WS requires a vast bureaucracy, inefficient and subject to fraud
  • The welfare state requires a vast bureaucracy that’s costly, inefficient, and subject to large-scale fraud.
  • Ideas for improving bureaucratic functioning
    • Consolidate and streamline the myriad programs and agencies that make up the welfare state.
    • Outsource appropriate functions.
    • Replace paperwork with digital technology
    • Universal Basic Income
      • Dismantle the Welfare State bureaucracy and, instead, pay every citizen, working or not, an annual “paycheck” sufficient to support an adequate minimum standard of living
The Welfare State leads to Socialism
  • Conscience of a Conservatism 1960, Barry Goldwater, pages 48-49
    • “The collectivists have not abandoned their ultimate goal — to subordinate the individual to the State — but their strategy has changed. They have learned that Socialism can be achieved through Welfarism quite as well as through Nationalization.”
    • “Socialism-through-Welfarism poses a far greater danger to freedom than Socialism-through-Nationalization precisely because it is more difficult to combat.”
  • Ronald Reagan Speaks Out Against Socialized Medicine
    • On a 1961 10-minute LP record Reagan warns that if his listeners do not stop a proposed medical program (a precursor to Medicare), “behind it will come other government programs that will invade every area of freedom as we have known it in this country until one day as Norman Thomas said we will wake to find that we have socialism.” Under this scenario, Reagan says, “We are going to spend our sunset years telling our children and our children’s children, what it once was like in America when men were free.”
  • Evaluation of Socialism Argument
    • Pace Goldwater and Reagan, Medicare has not led to socialism and loss of freedom. (pacewith all due respect or courtesy to)
    • As note earlier, Welfare Statism isn’t Socialism
    • Welfare Statism doesn’t lead to Socialism
      • Example of Germany (britannica.com/place/Germany)
        • Germany’s system of social benefits is among the world’s most elaborate and all-embracing. 
        • Although the free market operates in Germany, the federal government plays an important role in the economy.

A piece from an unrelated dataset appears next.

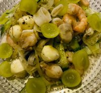 プッタネスカ、美味しい。 付け合わせに、シーフードマリネもどうぞ。 マスカットと合うよー。
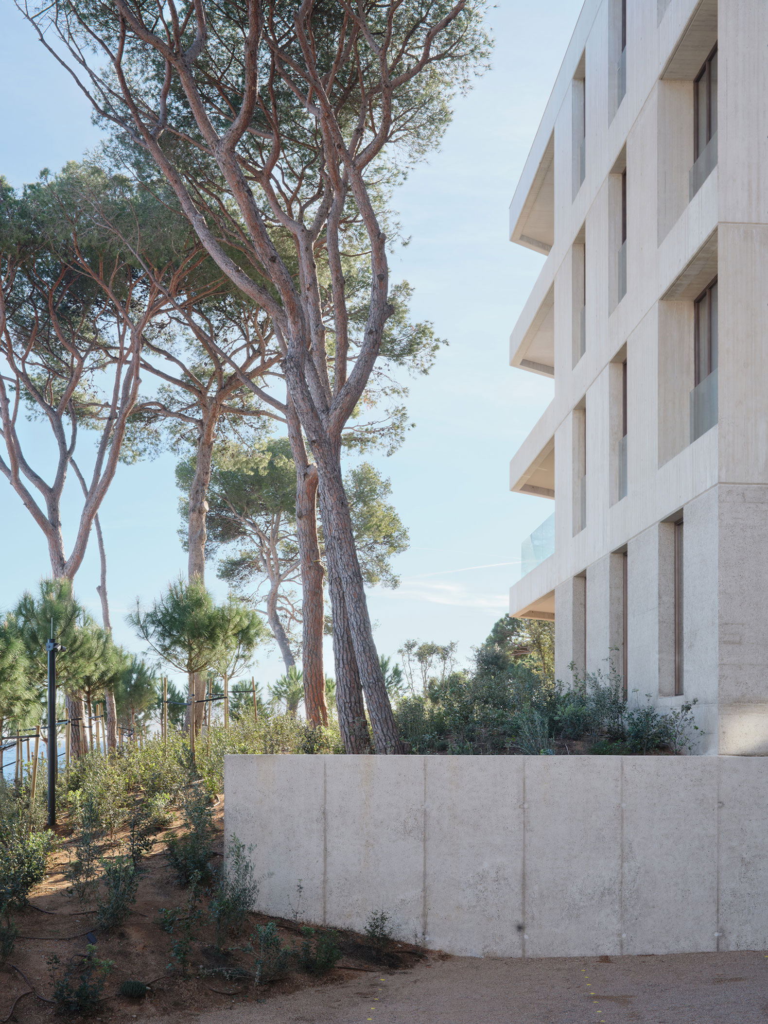 El paisajismo evidente y continuista con la vegetación vernácula es una excepción en un territorio profundamente alterado. Se recupera la vegetación de maquis y garriga con pinos (pinus pinea) y encinas (Quercus ilex). La comunicación interna se resuelve con rampas y escaleras minimizando la creación de muros de contención y modelando el paisaje de manera a salvar los desniveles. El hormigón bruto en diferentes acabados -entablillado, abujardado o liso– es el único material buscando que con el paso del tiempo se funda con el terreno.

The Welfare State stifles economic growth
  • Argument
    • Large taxes on entrepreneurs stifle economic growth
  • Objection
    • GDP of welfare states compares with that of US
  • CIA World Fact Book
The Welfare State creates a moral hazard
  • Argument
    • The WS creates a moral hazard, i.e. people are more inclined to take unwarranted risks because they can rely on social insurance if things go south.
  • Objection
    • People are also more inclined to take calculated risks, e.g. starting a company.